Yes. If you have filed a complaint against your assessment you must still pay your taxes by the due date to avoid a late payment penalty.

If the Assessment Review Board (LARB or CARB) or Court of Queen's Bench or Municipal Government Board makes a decision on your complaint that results in a lower tax levy, the reduction is credited to the tax account. If this tax reduction results in a credit balance, interest is paid on the municipal portion. A refund cheque is issued for accounts with a credit balance greater than $25 (credits of less than $25 will remain on the account.)

Do I have options other than paying the entire tax bill amount on June 28?

The Tax Instalment Payment Plan (TIPP) is a popular program that allows you to pay your property tax on a monthly basis instead of one payment in June, making budgeting easier.

You may join at any time during the year. However, if you join after January 1, there is a filing fee of 2% of the missed instalments.

Property assessment

Where can I find my property's assessed value

Property assessment notices are mailed in January to all property owners, both residential and non-residential.

You can find the assessed value of your property or any other Calgary property online using Assessment Search. You do not have to log in to search for assessed values, however, for more detailed information (including your previous year's assessment, your tax information and specific property details) you can log into Assessment Search using your City myID account.

For more information on how to use Assessment Search, see the help guides for property owners.

How is my property assessed?

Your property assessment notice sent in January is based on your property's market value, the amount it likely would have sold for last July 1st, and improvements to its physical condition as of Dec. 31.

The assessment process follows legislative requirements set by the Province on how properties are assessed to determine the values for all properties, which in turn determines the distribution of municipal taxes. Assessors look at many factors including your property's details such as age, location, lot size, additions or renovations and sales of similar properties in the neighbourhood in the last three years. Your individual assessment comes from the analysis of sold properties in your neighbourhood that are very similar to yours.
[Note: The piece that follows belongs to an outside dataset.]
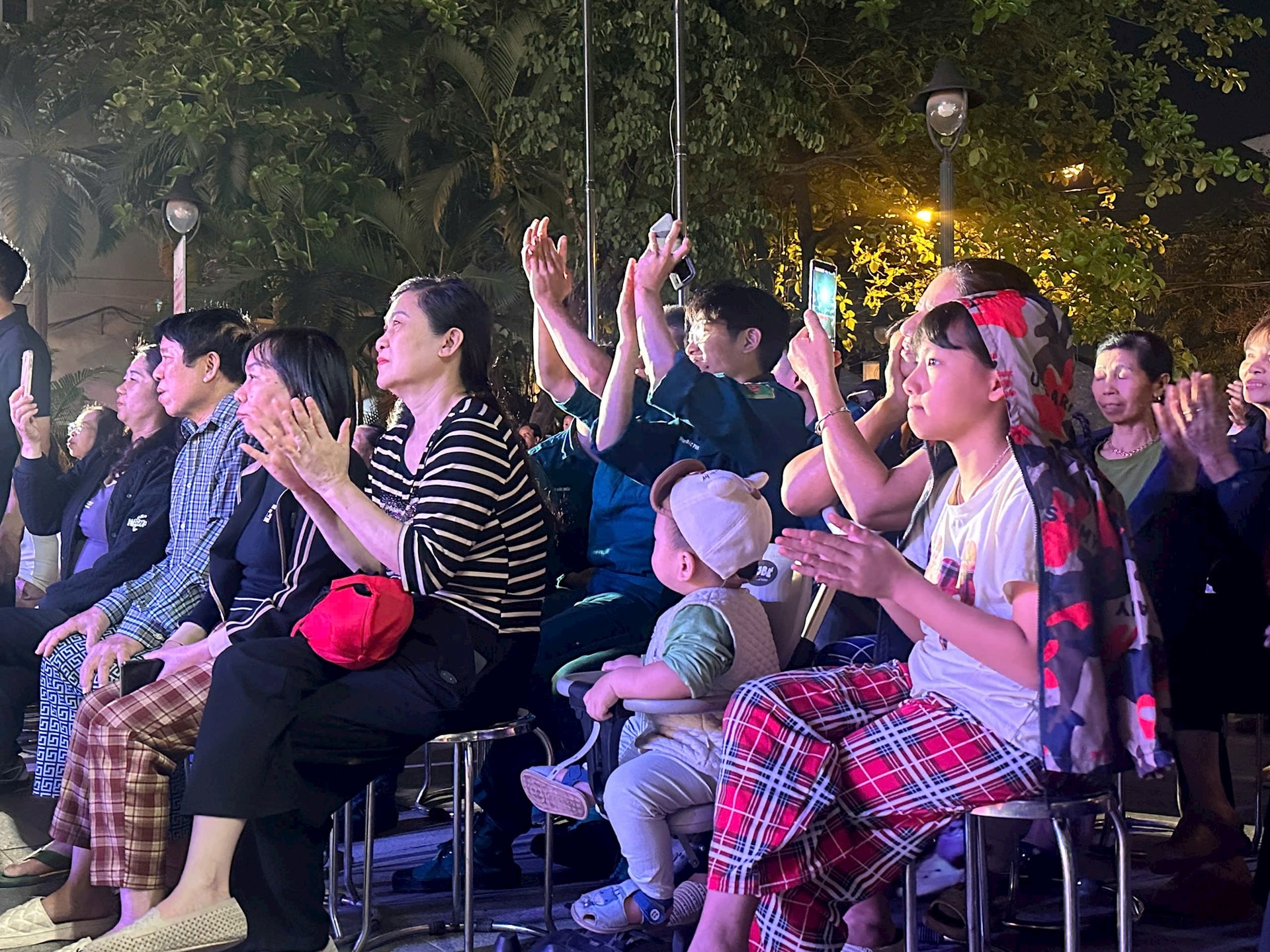 Đông đảo nhân dân phường Xuân Phương hào hứng thưởng thức biểu diễn. Ảnh: Bá Đức

Your assessed property value goes through internal checks and balances and a provincial audit before the notice is mailed to you in early January.

What if I don't agree with the assessed value?

If you have any questions or concerns about your assessment, contact Assessment at 403-268-2888 during the Customer Review Period as printed on your notice. Your assessor may be able to resolve your concerns without the need to file a formal complaint.

If you still disagree with your assessment, visit the Assessment Review Board for more information and/or to file a complaint online. Formal complaints with the Assessment Review Board can only be made during the dates indicated on your assessment notice. 

View the 2019 residential property assessment and tax timeline

View the 2019 non-residential property assessment and tax timeline

How does my assessment affect my property taxes?

Your property assessment is used to determine your share of taxes, relative to all properties in Calgary, to meet The City's budget needs.

Once Council has set the tax rate, your assessment is then multiplied by the tax rate and the result is your share of property tax shown on your tax bill.